**Work request**
Beginning with the line containing "Салфетки сервировочные бумажные, однослойные, 24*24, 400" and going on through the line containing "easy to clean", the lines below are to be returned exactly, pictures excluded and nothing added.
Data to examine: Begin
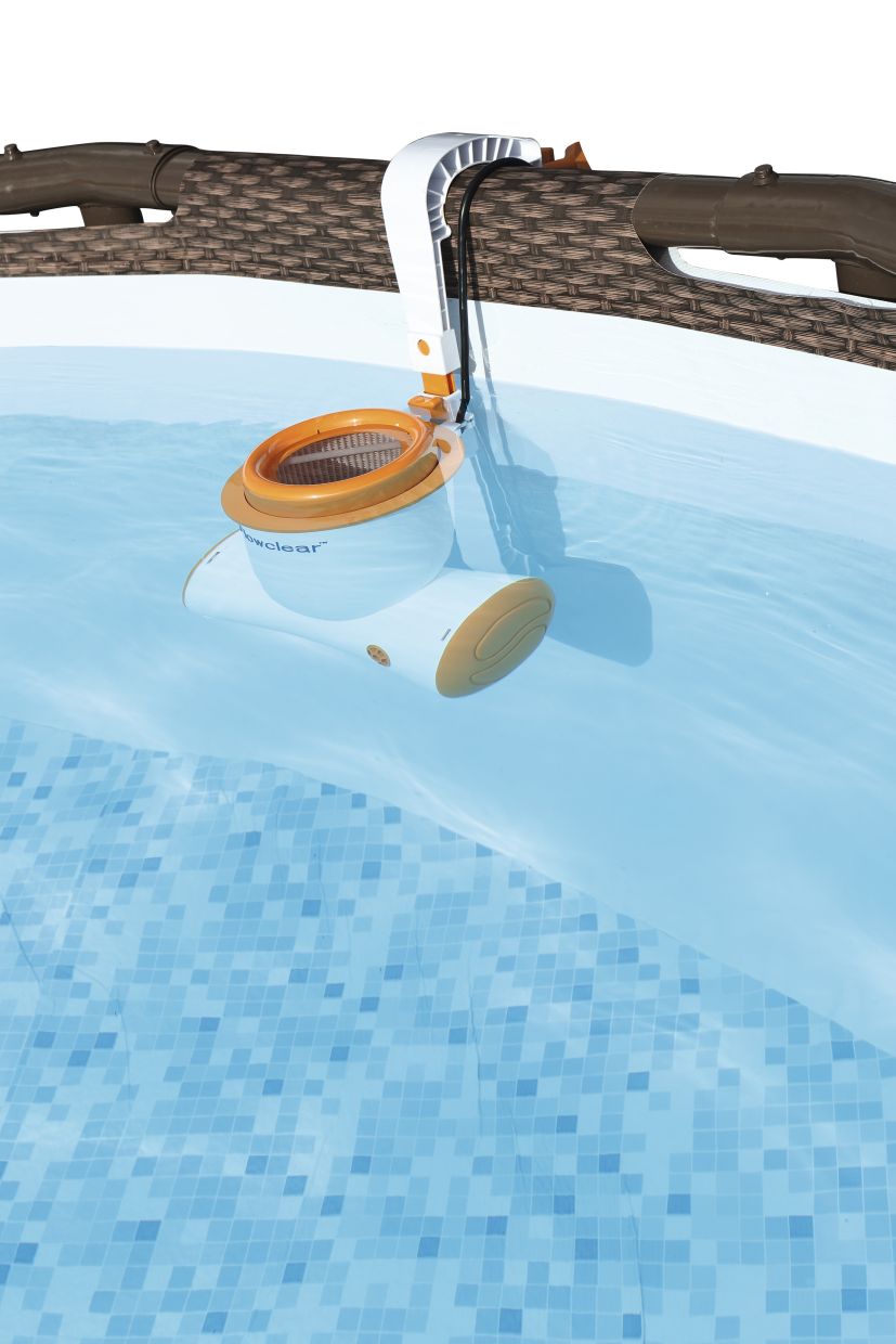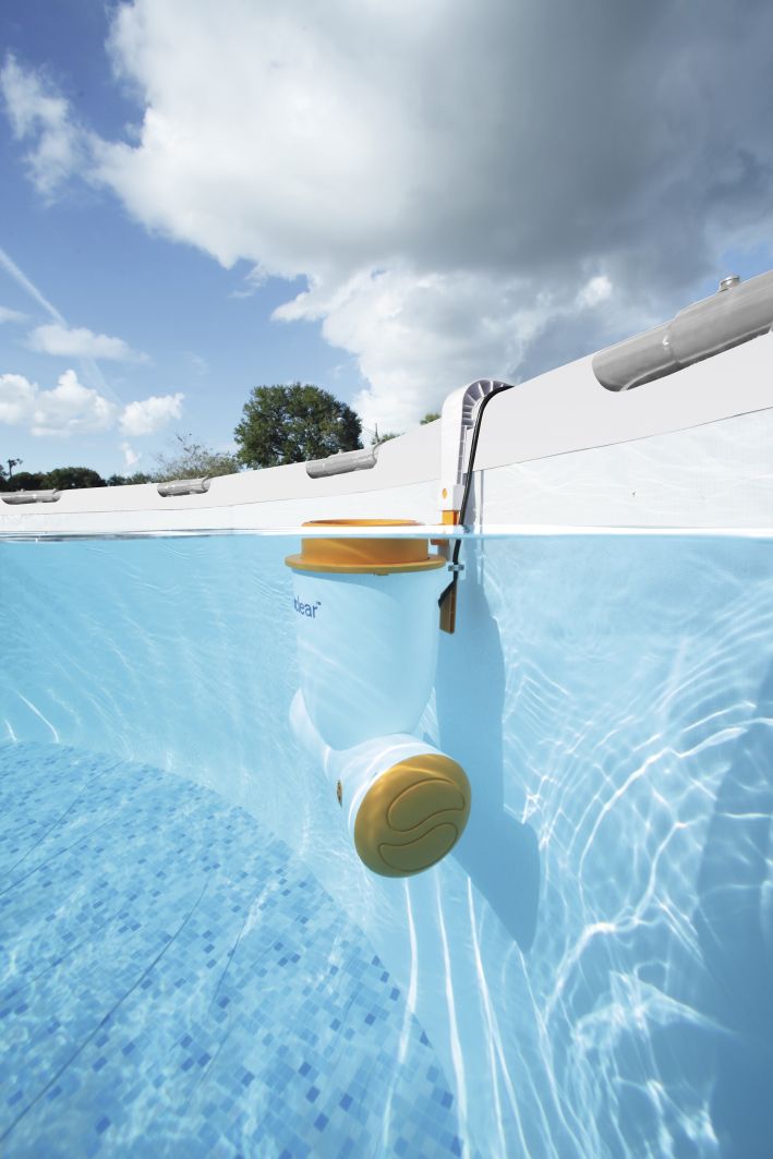 Filtračné čerpadlo SKIMATIC využíva napájanie 12 V prostredníctvom izolovaného transformátora, na inštaláciu filtrácie SKIMATIC nie je potrebná žiadna hadica ani adaptéry - stačí ju pripevniť na okraj bazéna.
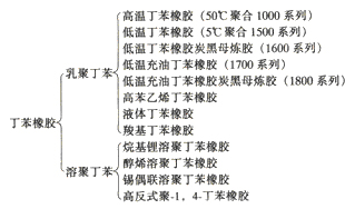 丁苯橡膠是最早工業化的合成橡膠。目前丁苯橡膠(包括膠乳)約占合成橡膠總產量的55%,約占天然橡膠和合成橡膠總產量的34%,是產量和消耗量最大的合成橡膠膠種。丁苯橡膠是丁二烯和苯乙烯的共聚物,其中丁二烯可以順式-1,4結構,反式-l,4結構和1,2結構存在于分子鏈中。聚合方法有乳聚和溶聚兩種。主要品種如下圖所示:
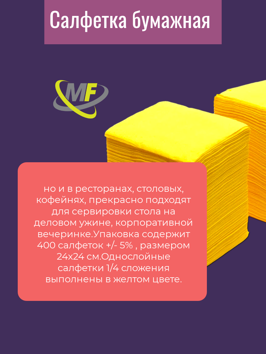 Салфетки сервировочные бумажные, однослойные, 24*24, 400 шт желтый информация:
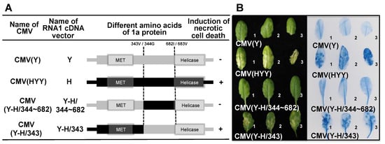 Cell death in CMV-inoculated leaves was visualized by staining with trypan blue according to a standard protocol [41]. Virus-inoculated leaves were stained by boiling for 8 min in alcoholic lactophenol [99.5% ethanol:phenol:glycerol:lactic acid 4:1:1:1 (v:v:v:v)] containing 0.1 mg/mL trypan blue. The stained leaves were decolorized in a 2.5 g/mL chloral hydrate solution overnight, and then held and pictured in 70% ethanol. Trypan blue staining is available to detect cell death qualitatively, but it has limitations in attempting to show a quantitative measure of cell death.
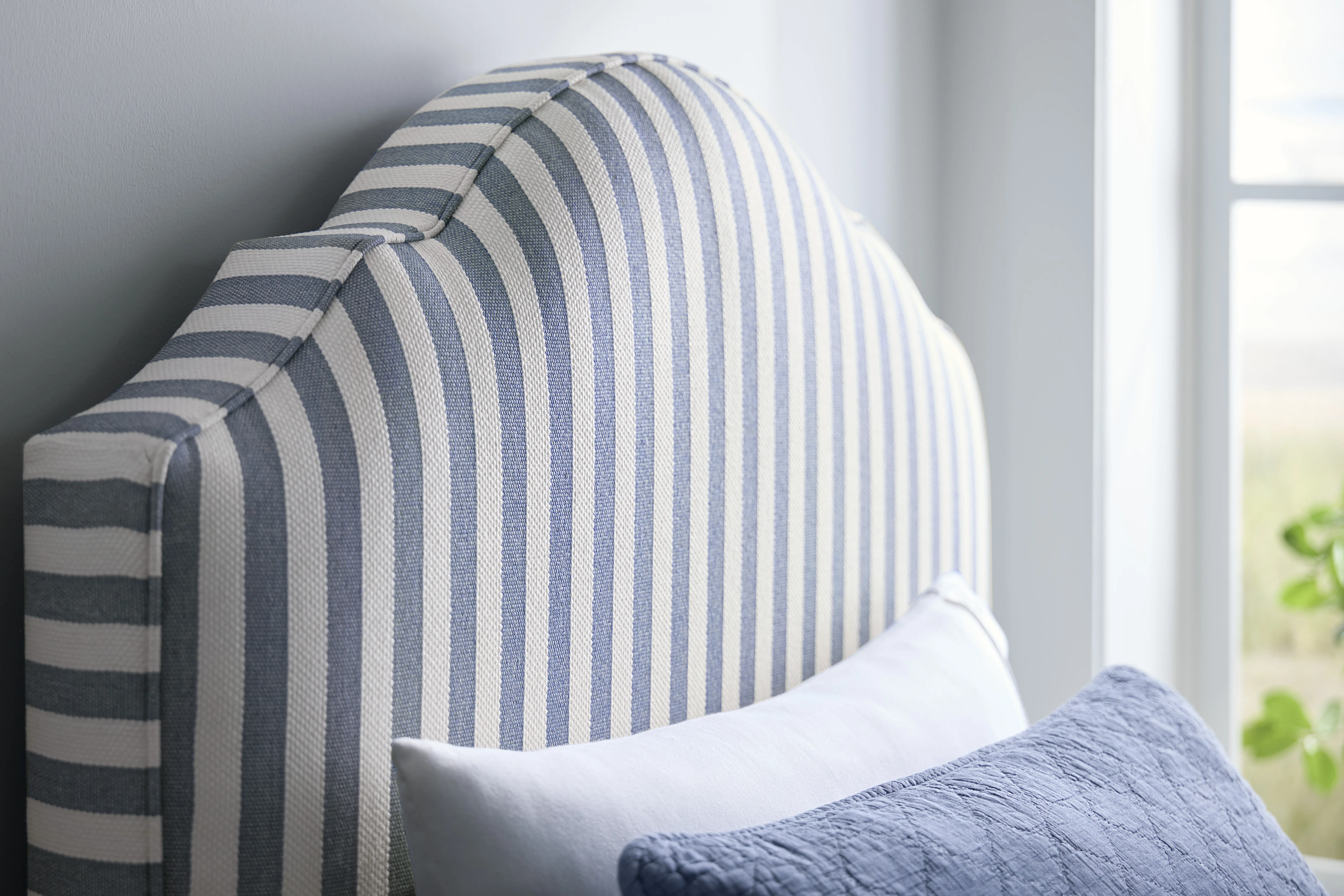 • Upholstered in Revolution’s Blue Stripe performance fabric – stain-resistant, soft, and easy to clean
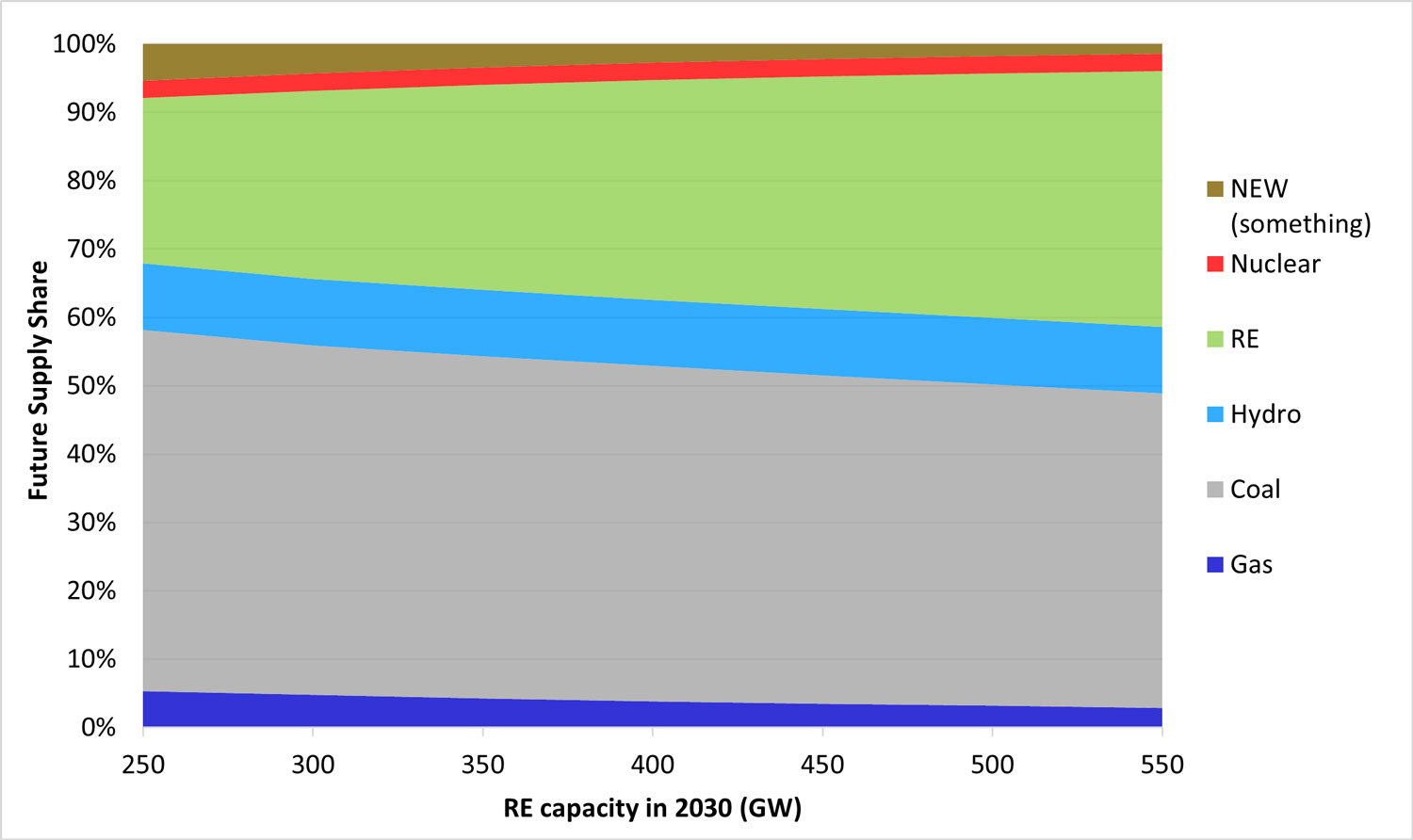 Figure 1: 2030 optimal supply mix based on varying shares of RE in 2030 (before adding something NEW, which might further displace generation from existing gas or coal).
Data to examine: End
**Answer to this exercise**
 Салфетки сервировочные бумажные, однослойные, 24*24, 400 шт желтый информация:
 Cell death in CMV-inoculated leaves was visualized by staining with trypan blue according to a standard protocol [41]. Virus-inoculated leaves were stained by boiling for 8 min in alcoholic lactophenol [99.5% ethanol:phenol:glycerol:lactic acid 4:1:1:1 (v:v:v:v)] containing 0.1 mg/mL trypan blue. The stained leaves were decolorized in a 2.5 g/mL chloral hydrate solution overnight, and then held and pictured in 70% ethanol. Trypan blue staining is available to detect cell death qualitatively, but it has limitations in attempting to show a quantitative measure of cell death.
 • Upholstered in Revolution’s Blue Stripe performance fabric – stain-resistant, soft, and easy to clean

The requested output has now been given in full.